Bill Rawton went out at once and purchased at the nearest chemist’s some drugs, which he made up into laxative balls, two of which he gave to the pony. After this he took a small quantity of blood from his patient, which seemed to afford great relief.
“Oh, you’ll pull him through,” cried Peace.
The gipsy shook his head.
“I’m afraid of it, Charlie,” said he. “It’s no manner of use attempting to buoy oneself up by false hopes. I am afraid you must make up your mind to lose the faithful little creature who’s done his best for you, and has paid the penalty.”
Peace was sadly depressed as he listened to the words the gipsy had let fall. Still he clung to hope, even as a drowning man clings to a straw.
“It’s a bad business,” he murmured in a sorrowful tone—“a dreadful business. It was a fatal evening, upon which I had to fly for my very life.”
“It’s ugly altogether,” returned Rawton, “for one doesn’t know what may follow.”
“There, that will do. Don’t make matters worse for us by anticipating fresh misfortunes. Look after Tommy, and do your best for him. I’ll leave him in your hands.”
“Are you going anywhere, then?”
“Yes, to Whitechapel.”
“Very well, I’ll do my best.”
“And so I leave my favourite in your hands for the present.”
Peace took his departure, and Rawton remained.

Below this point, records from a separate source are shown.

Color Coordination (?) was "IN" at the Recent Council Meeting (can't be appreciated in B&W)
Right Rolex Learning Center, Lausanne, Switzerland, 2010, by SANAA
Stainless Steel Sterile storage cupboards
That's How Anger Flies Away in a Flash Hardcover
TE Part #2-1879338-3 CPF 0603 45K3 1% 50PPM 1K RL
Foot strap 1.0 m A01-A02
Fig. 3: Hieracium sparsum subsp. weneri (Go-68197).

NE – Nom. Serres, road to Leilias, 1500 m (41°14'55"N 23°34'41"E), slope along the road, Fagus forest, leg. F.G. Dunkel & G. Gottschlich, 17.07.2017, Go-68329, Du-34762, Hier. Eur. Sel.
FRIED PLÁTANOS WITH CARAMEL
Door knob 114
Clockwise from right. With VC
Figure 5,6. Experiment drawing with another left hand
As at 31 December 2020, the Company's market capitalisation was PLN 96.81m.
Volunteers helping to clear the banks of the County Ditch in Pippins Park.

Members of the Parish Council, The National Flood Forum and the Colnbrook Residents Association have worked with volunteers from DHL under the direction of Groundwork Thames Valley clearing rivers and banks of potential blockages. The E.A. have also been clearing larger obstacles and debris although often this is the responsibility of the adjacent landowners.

He did not leave the Evalina-road for the remainder of that day.
Peace returned at about dusk.
To his inquiry in the house, he was informed by Mrs. Thompson that the gipsy was in the stable, and that he, the gipsy, had informed her some hour or more ago that the pony was not expected to live.
Peace went into the stable, and found his equine pet stretched on the floor. Rawton was kneeling by its side, and had its head on one of his knees.

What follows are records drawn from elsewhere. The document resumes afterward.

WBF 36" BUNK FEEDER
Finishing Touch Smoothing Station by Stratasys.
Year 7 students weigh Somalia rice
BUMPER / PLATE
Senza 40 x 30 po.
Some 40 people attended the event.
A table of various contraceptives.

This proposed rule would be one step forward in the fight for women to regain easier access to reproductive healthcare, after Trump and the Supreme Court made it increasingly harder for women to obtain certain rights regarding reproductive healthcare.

“Well,” cried Peace—“what news?”
“He’s a dead un,” returned the gipsy. “All his troubles are over. I’ve done all it was possible for a man to do, but couldn’t save him, poor little fellow!”
Peace sat himself down on an inverted pail, covered his face with his hands, and burst into tears.
“It aint of no manner of use giving way so,” said Rawton. “It was to be. I said so the moment I set eyes upon him this ’ere morning. There wasn’t a ghost of a chance.”
“I’ve lost my best friend—my faithful companion,” murmured Peace. “Ah, Bill, but this is terrible.”
“It may be so, but there are worse misfortunes than this. Keep your pecker up, and don’t take on so. You laughed at me a few days ago when I gave you an account of Hester Teige. Now you are worse than what I was.”
“I would have given anything to have saved him.”
“So would I, but it wasn’t to be done—so it’s no manner of use talking about it; ’cause why, talking or mourning won’t bring him to life again.”
“Of course, I know that very well, but I can’t help grieving. He was my pet, was to me as faithful and docile as a dog. There never was such a faithful creature, and I have killed him. That’s what makes me so miserable—I have killed him.”
“You’ve done nothing of the sort. He was bad at the time, and it is likely enough that he would have died just the same if he had not been put out to such a killing pace. Cheer up, Charlie, it can’t be helped, there are other ponies in the world.”
“Ah, but not like him, none like him.”
“Maybe there are, who knows?”
“Ah, who, indeed? Not I.”
Despite the exhortations of Rawton, Peace could not readily get over the poignant sorrow he felt at the loss of his pony.
This may appear strange with one of his callous temperament. But the fact remains the same, and many persons could testify to the great grief he demonstrated on this occasion.
It passed over, however, in the course of a few days, and Charles Peace was then himself again.